BEGIN RECORDED INFORMATION

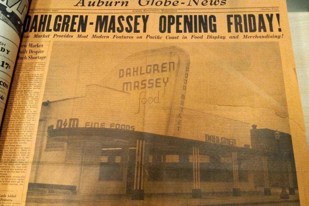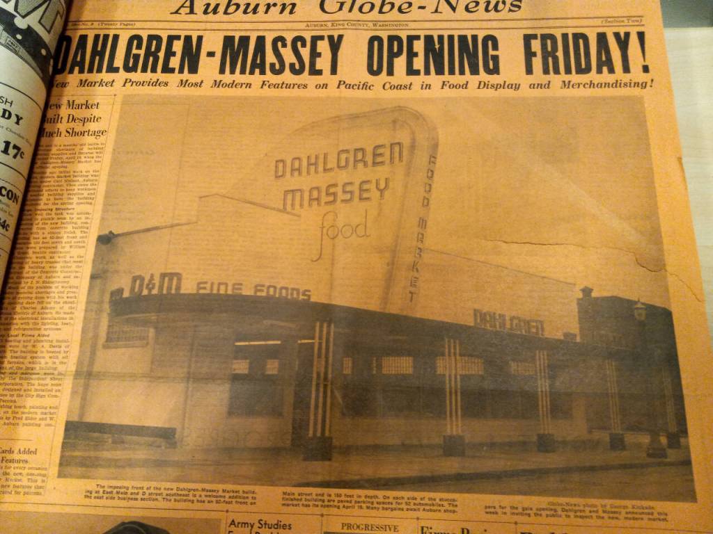 According to Myron Massey’s obituary in the Auburn Reporter on July 28, 2008, before building what at the time was said to be “the largest free-standing supermarket west of the Mississippi River,” he and his business partner, Roy Dahlgren, had operated a smaller market several blocks westward, where, from 1934 to 1946, “they gained a widespread reputation for their mastery of merchandising.”
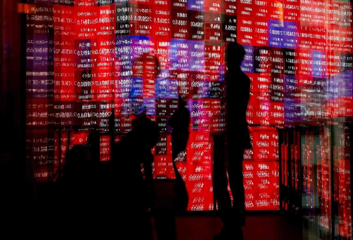 A visitor inside a building in Tokyo, Japan, sees Japan’s Nikkei stock average on the window glass as the average stock price soars past its all-time high set in December 1989, February 22, 2024. and an electronic screen displaying a stock price board.
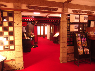 フロントの向かって左から奥を。大谷石を外観も内観もふんだんに使っています。

END RECORDED INFORMATION

#### WHAT IS BEING ASKED
Give back, exactly as written, the lines from the top of the material through the line with "A visitor inside", ends included and pictures left aside.

#### RESULT
 According to Myron Massey’s obituary in the Auburn Reporter on July 28, 2008, before building what at the time was said to be “the largest free-standing supermarket west of the Mississippi River,” he and his business partner, Roy Dahlgren, had operated a smaller market several blocks westward, where, from 1934 to 1946, “they gained a widespread reputation for their mastery of merchandising.”
 A visitor inside a building in Tokyo, Japan, sees Japan’s Nikkei stock average on the window glass as the average stock price soars past its all-time high set in December 1989, February 22, 2024. and an electronic screen displaying a stock price board.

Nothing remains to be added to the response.